### The input

────────

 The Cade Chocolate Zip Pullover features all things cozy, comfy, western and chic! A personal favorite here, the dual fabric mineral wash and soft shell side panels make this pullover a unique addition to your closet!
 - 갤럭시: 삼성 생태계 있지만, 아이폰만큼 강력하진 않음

────────

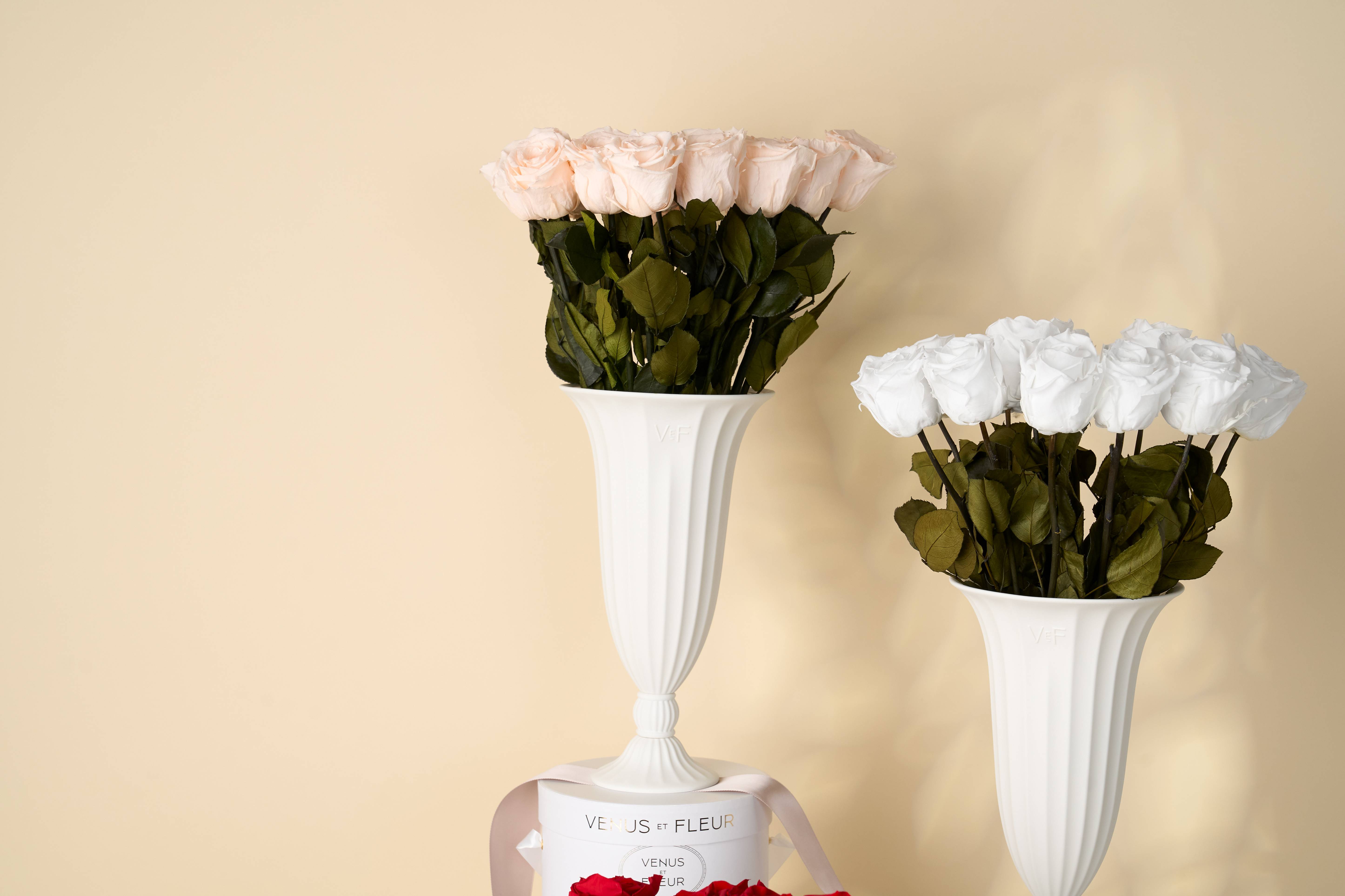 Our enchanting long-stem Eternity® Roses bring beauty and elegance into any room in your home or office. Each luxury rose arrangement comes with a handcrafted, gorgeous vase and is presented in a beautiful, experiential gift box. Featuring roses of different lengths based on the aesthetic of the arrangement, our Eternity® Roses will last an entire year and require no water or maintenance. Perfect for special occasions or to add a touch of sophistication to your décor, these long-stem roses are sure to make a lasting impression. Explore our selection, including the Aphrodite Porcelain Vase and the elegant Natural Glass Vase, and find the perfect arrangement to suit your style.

────────

### Assignment
Would you quote everything above from the line containing "The Cade Chocolate" down to the line containing "- 갤럭시: 삼성 생태계 있지만, 아이폰만큼 강력하진 않음"? Include both of those lines and nothing else.

### Solution to the exercise
 The Cade Chocolate Zip Pullover features all things cozy, comfy, western and chic! A personal favorite here, the dual fabric mineral wash and soft shell side panels make this pullover a unique addition to your closet!
 - 갤럭시: 삼성 생태계 있지만, 아이폰만큼 강력하진 않음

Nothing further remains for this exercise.